A great example of this is Ries’ company IMVU who provided customers with a 3D avatar service where people could alter the appearance of their avatars and chat with others. Using $5 a day in pay per click advertising they were able to get 100 website visitors. They considered each days’ worth of website visitors as one cohort and then measured the metrics of each cohort on registration, so how many people signed up to the service, activation, so how many people actually logged into their account and retention, so how many people had one chat, how many people had 5 chats and how many people became paying customers. A good way to do this would be to have your metrics cover registration, activation, retention and referral information. The only way you can know if you are making the right decisions is through your metrics so if you make a change you can compare it to your baseline metrics to see if they improve or not, it is the only way to tell and the only way to know what you should and shouldn’t change.

Pivot or Persevere?

After improving your product through testing and measuring metrics you will need to make a big decision at some point and this will probably happen again and again. You will need to decide whether or not you should pivot (change the direction of your business in some aspect) or persevere (continue on with what you are doing.) Your metrics will help you make the best decision for your business. If you remember the whole process is about learning how to build a sustainable business, not how to make a single idea work, which is why you may need to pivot if the facts say. There is no shame in moving away from your original idea towards something that works. Here are a few different examples of pivots you can make:

Customer segment pivot: You started the process thinking you were solving a problem for a certain type of customer however now it looks like your product works best for a different type of customer.

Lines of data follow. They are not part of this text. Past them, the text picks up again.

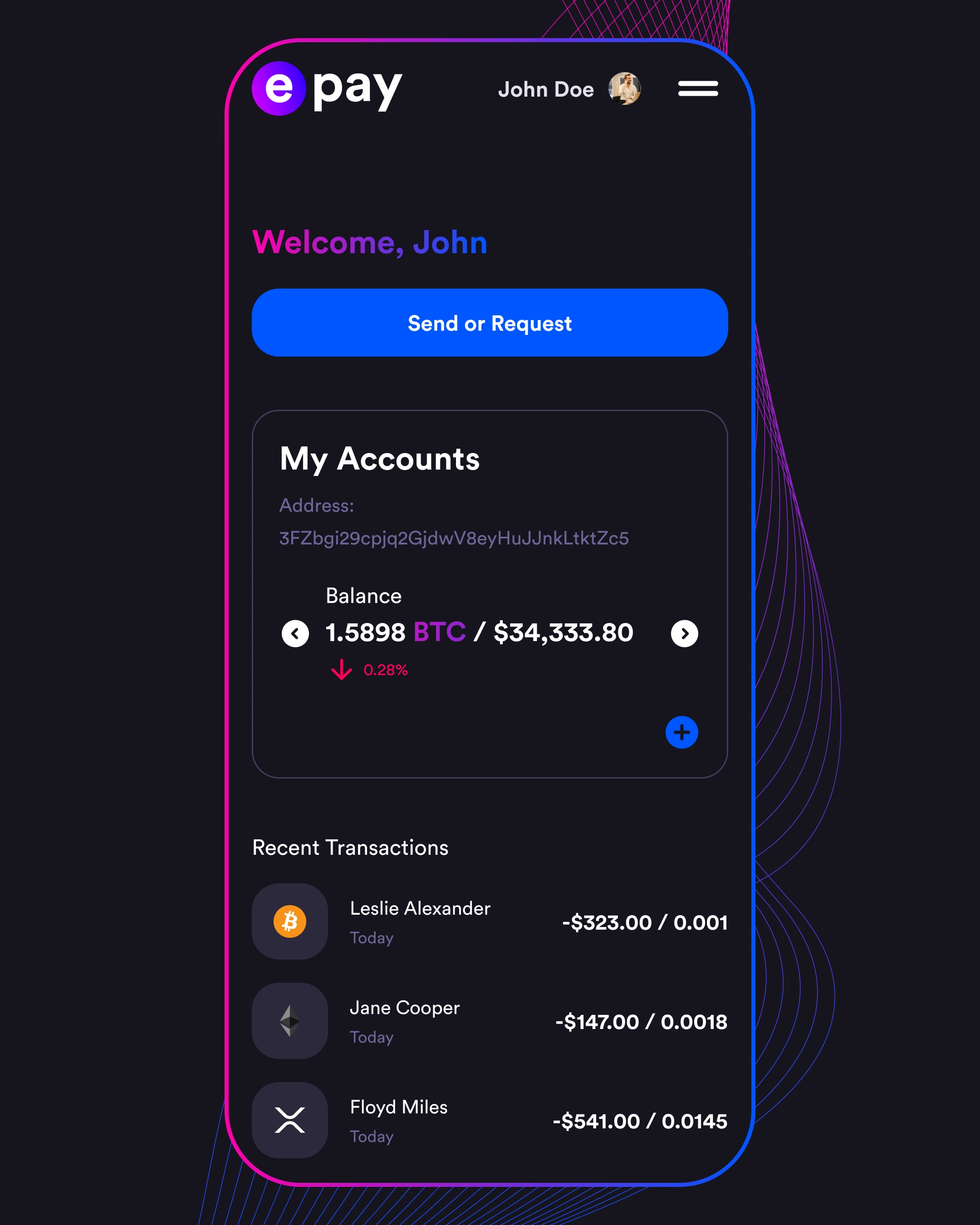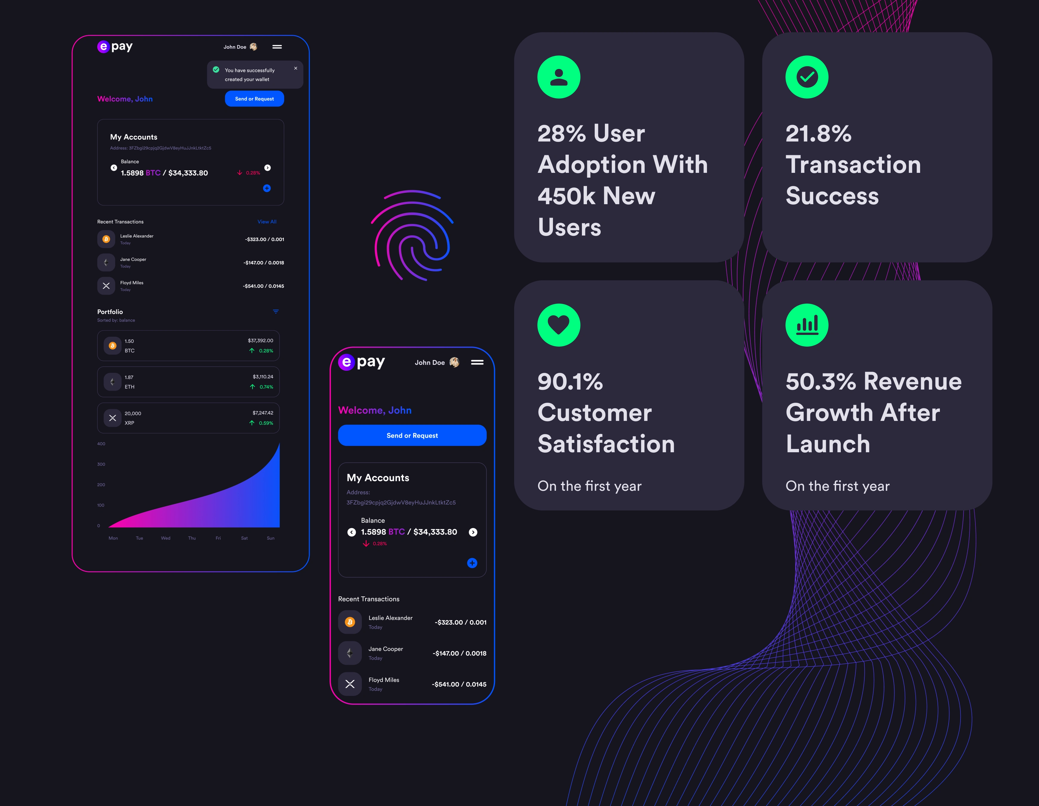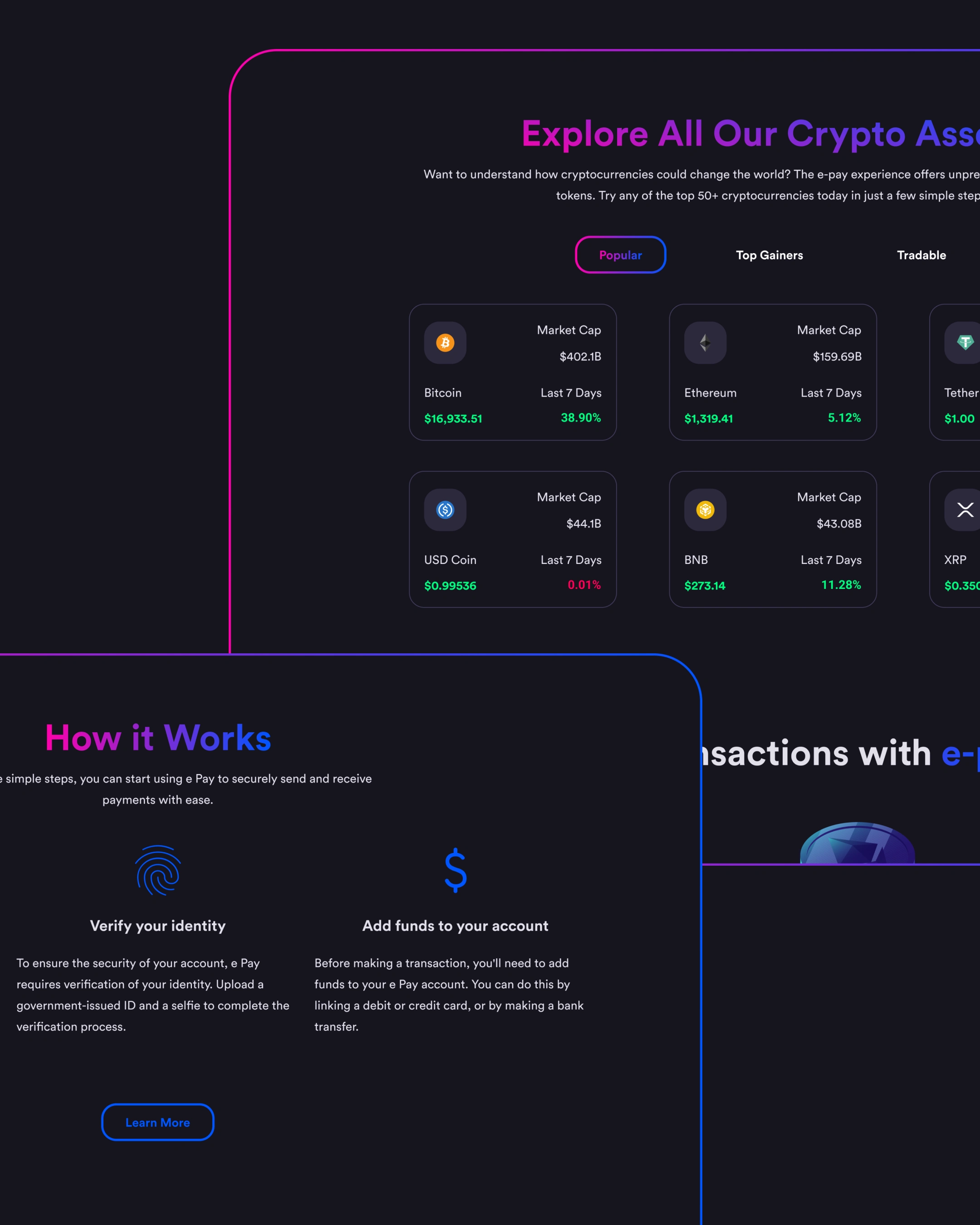 e-Pay is a cryptocurrency payment platform designed to make digital transactions as simple and reliable as traditional payments. I worked on creating a clean, trustworthy interface that balances modern aesthetics with security-first design.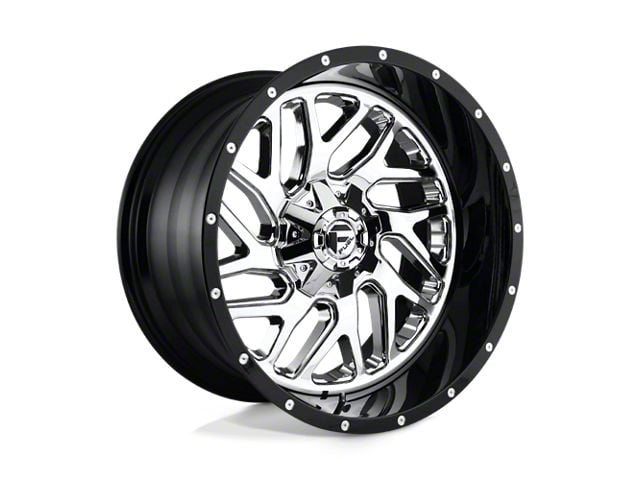 Fuel Wheels Triton Chrome with Gloss Black Lip 8-Lug Wheel; 20x10; -19mm Offset The Fuel Wheels Triton Chrome with Gloss Black Lip 8-Lug Wheel combines a sleek, sophisticated design with premium construction that enhances the visual appeal and complements a wide range of vehicle styles. This wheel is perfect for those seeking to make a bold statement while maintaining elegance and robustness.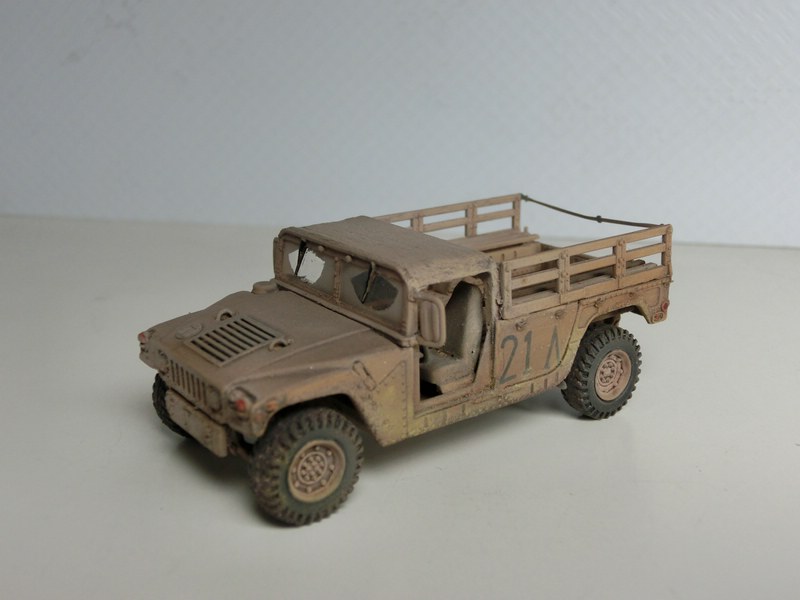Dieser Humvee ist einer von 10, die ich bisher gebaut habe. Dieser hier datiert aus 2008. Ich hatte erst 2 Jahre zuvor begonnen Modelle zu bauen und es fehlte damals noch an Übung. Ich hatte aber bereits am Anfang begonnen Zurüstteile zu verwenden, da ich schon damals mit OOB nicht konnte. Die Bausätze sind einfach nicht so vollkommen, wie ich sie mir Wünsche, wobei Dragon schon einiges zu bieten hat. Verwendet habe ich einen PE Satz von Eduard. Lackiert wurde erstmals mit der Airbrush, damals noch mit Gunze Farben. Das Weathering habe ich mit einfachen Ölfarben gemacht. Leider will mir nicht mehr einfallen, was ich zum Verschmutzen verwendet habe. Heute würde ich einiges anders machen, vor allem die Spiegelaufhängungen sind viel zu dick. Warum ich dieses alte Schätzchen jetzt wieder ausgegraben habe, nun ja, beim Militär tut sich hier auch nicht gerade viel und HMMWV's gibt's kaum mal zu sehen. Eigentlich wollte ich mal ein Baghdad Diorama bauen, leider hab ich dazu zwar viel Material aber noch keine Muse gehabt. Kommt aber mal noch.

Zoom in pivot: A singular aspect of your product becomes the entire focus of the business.

Zoom out pivot: Your product is too narrow for you to maintain a business so you broaden your product to do so.

Technology pivot: You realise that you could solve the problem much easier with a different or brand new technology and switch to that.

It is highly likely that throughout your startup journey you will make multiple pivots and it is equally important that you keep measuring everything, just like before, constantly comparing with the baselines. Each pivot is only the next hypothesis in your business just like everything in your business plan is a hypothesis, only over time will each segment of it become clearer and clearer. Even huge companies still need to measure and pivot from time to time otherwise they too will fail.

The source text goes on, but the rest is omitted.